Housefly, Go Home

Arnold Lobol writes a cautionary tale about a housefly who one day wakes up to see all the dirt in his house.  He diligently begins sweeping.  When he pushes the pile over the threshold, he notices the dirt on his front path, and then on the road.  He’s a good way down the road when Grasshopper comes along and inquires what he’s doing.  Poor Housefly; he’s taken on cleaning up the world.

I am that housefly.  Not that I’m a compulsive cleaner—far from it.  But I can’t look around me without seeing what needs to be done.  A moment spent admiring the (glorious) flower garden with Gwyn turns into a to-do list:  weeding, transplanting, pruning, seeding.  Cleaning the kitchen after dinner, I’m acutely aware of all I’m not cleaning:  the grease on the kettle, the spills in the refrigerator.  Clearing out my email, I berate myself for not writing to my senator to stop the Keystone pipeline or to the Security and Exchange Commission to make public the disparity between CEO- and worker-income.  I have trouble living in an incomplete world.
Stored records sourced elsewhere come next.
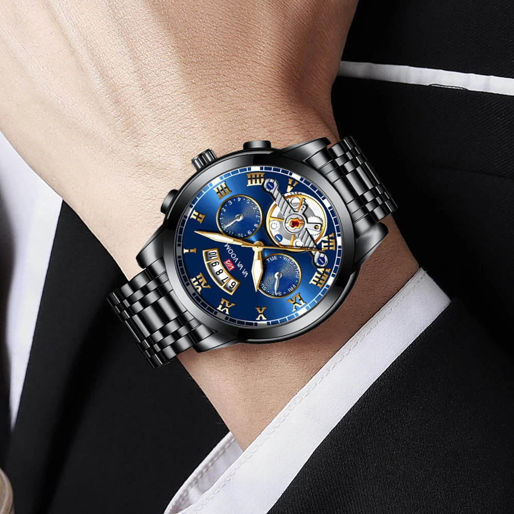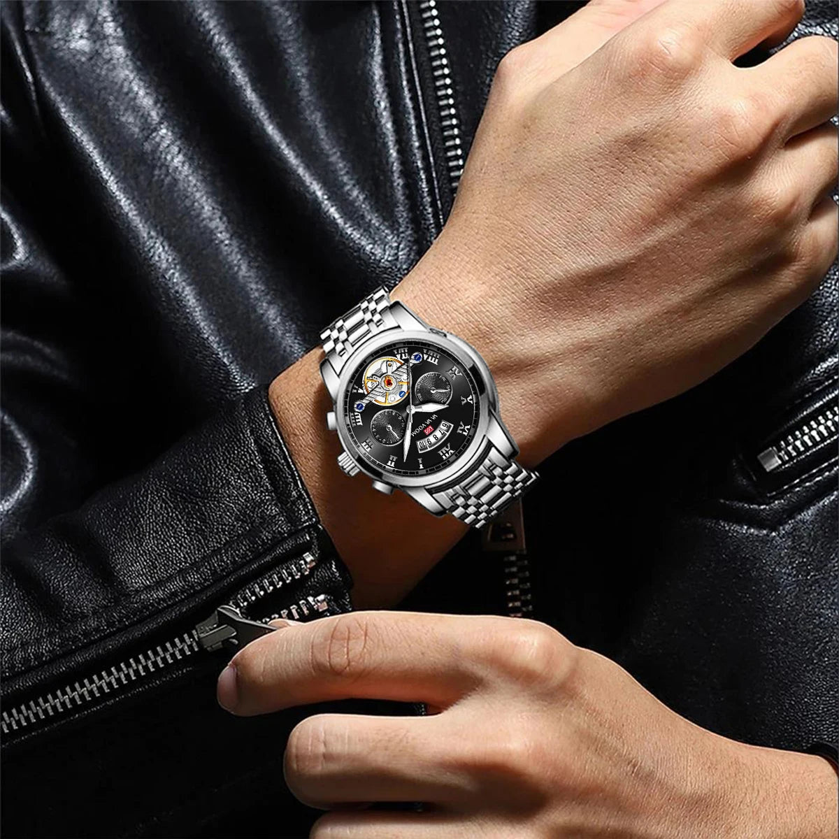 xساعة رجالية تجمع بين الأناقة والعملية من علامة، مصممة بأسلوب الطيار الكلاسيكي لمحبي الستايل الفخم. تأتي بهيكل معدني متين من الستانلس ستيل مع قرص 41مم يعرض الوقت بدقة عالية بفضل حركة الكوارتز. مقاومة للماء حتى 3 بار لتناسب الاستخدام اليومي. تصميمها العصري يجعلها مثالية للمناسبات الرسمية والرياضية على حد سواء.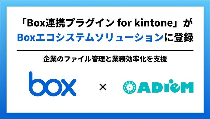 アディエム「Box連携プラグイン for kintone」がBoxエコシステムソリューションに登録~kintoneとBoxのシームレスな連携により、企業のファイル管理と業務効率化を支援~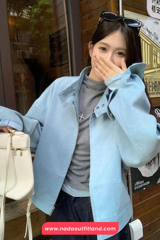 Buy Long Sleeve Stand Collar Simple Blue Zipper Jacket from Nada Outfit Land for your outfit of the day. This item is in stock and ready to order. World Wide Shipping Service. Check our Shop for more trendy fashion.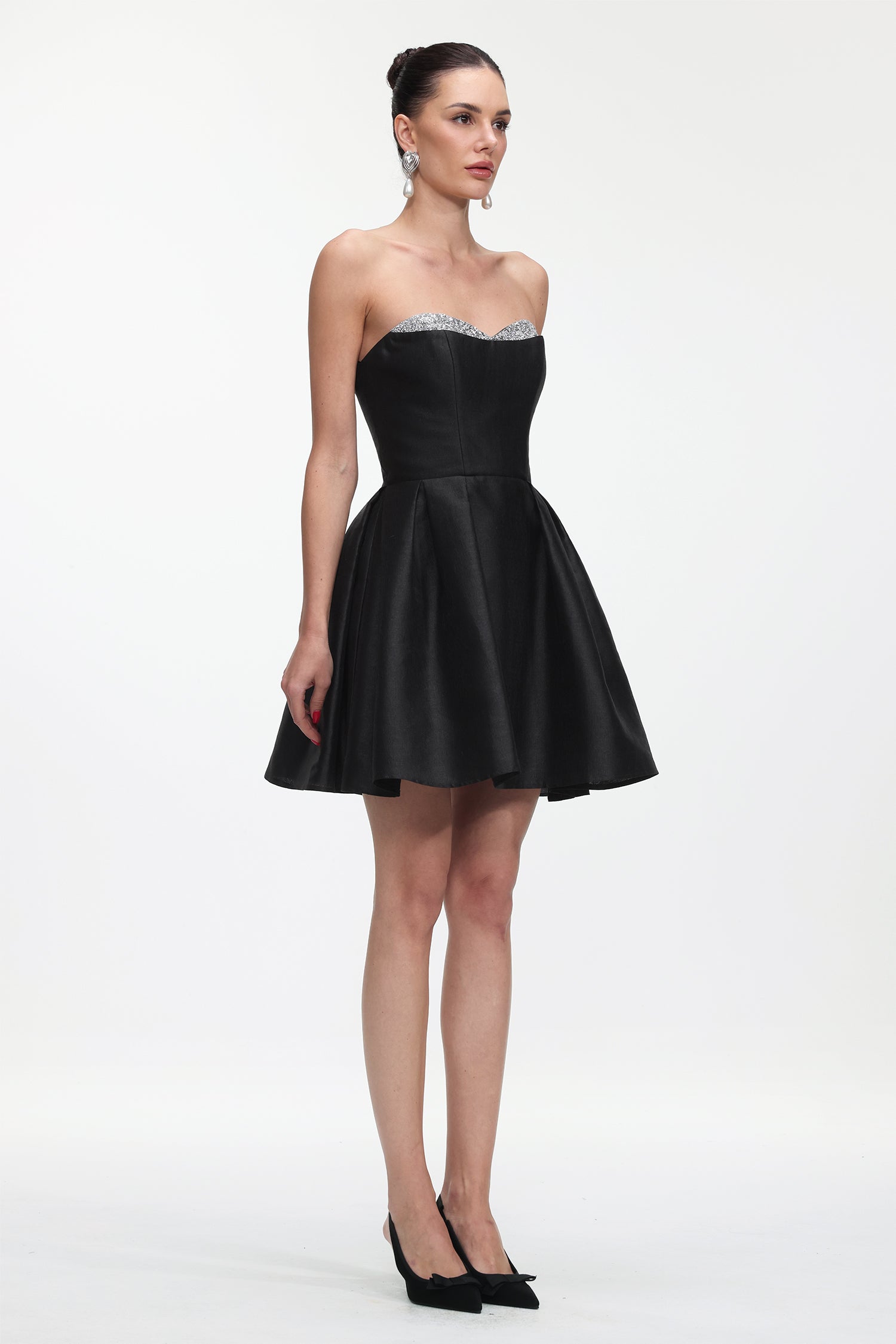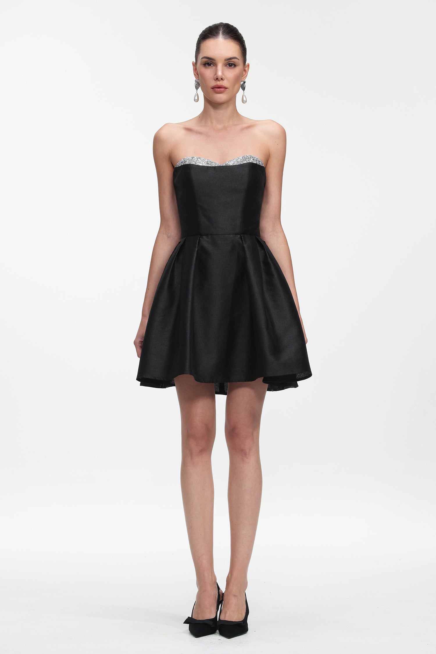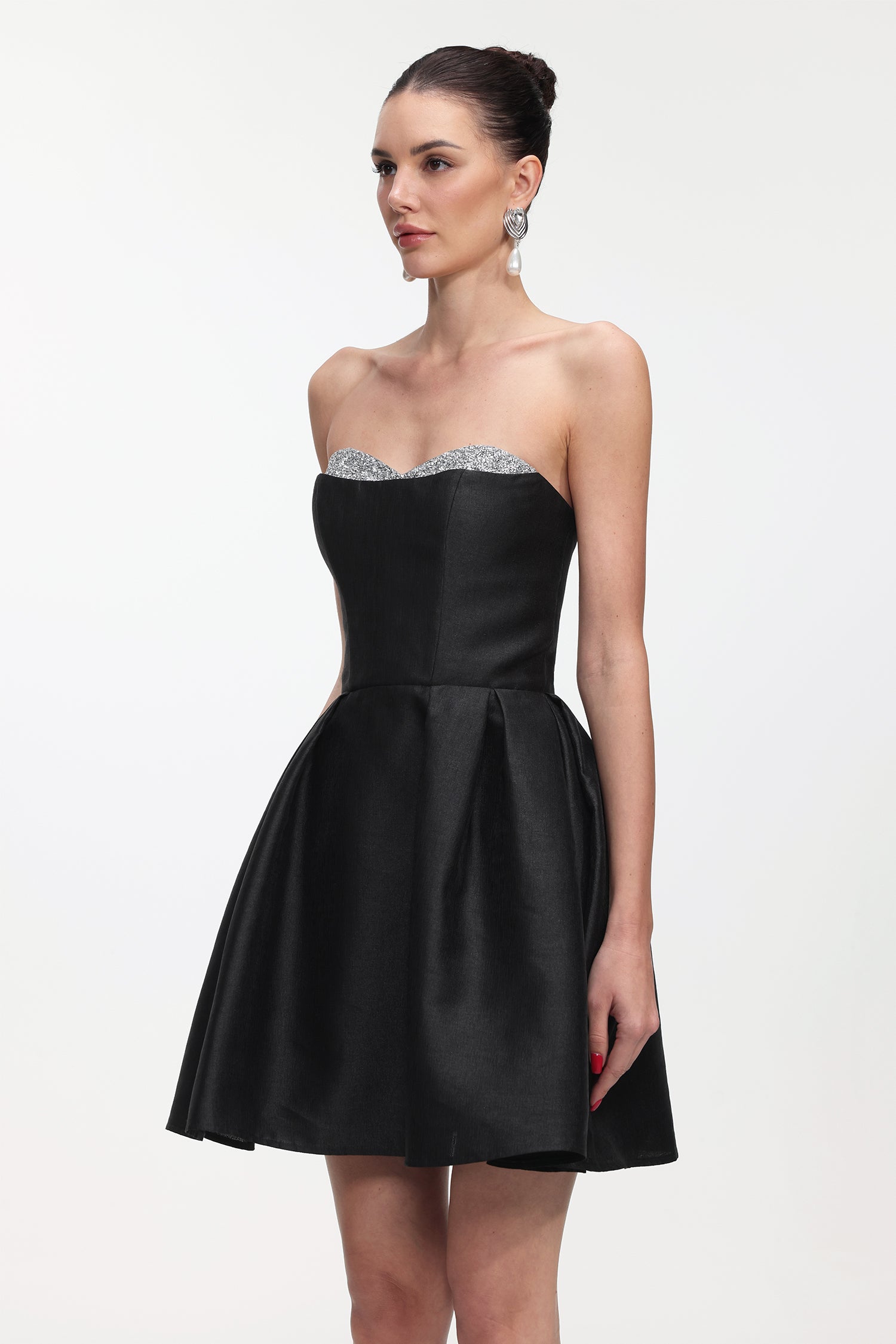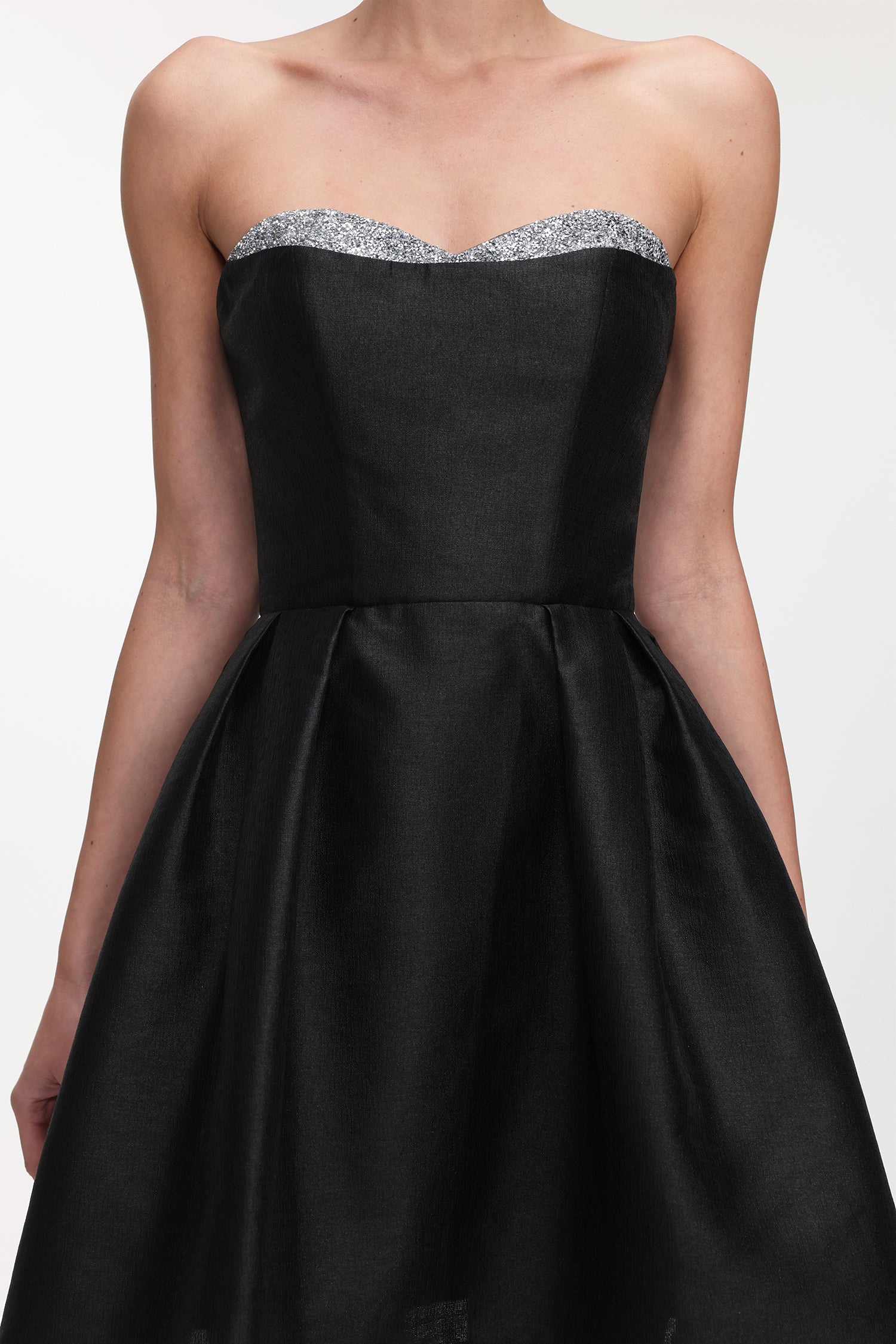 Quinta Classic Tailored Strapless Glitter Woven Mini Dress

Oddly enough, the one arena where I feel peaceful and even passionate about incompletion is in writing.  I advocate revision; I’m the spokesperson for the slow evolution of creative work.  As Mark Doty writes, “the longer we can stay in the state of uncertainty, of unfolding possibility, the better.”  In other words, to be a fully engaged creator, we have to cultivate an enormous tolerance for incompletion.  We must see what we’ve done as well as what can be done—with equanimity, with a peaceful heart.

Most of the time, I’m halfway down the street with a broom before I realize this isn’t how I want to live.  Each day is a new creation, as is a home and work and this society we all participate in making.  My prayer is that we might learn to thrive in the midst of a messy, beautiful becoming.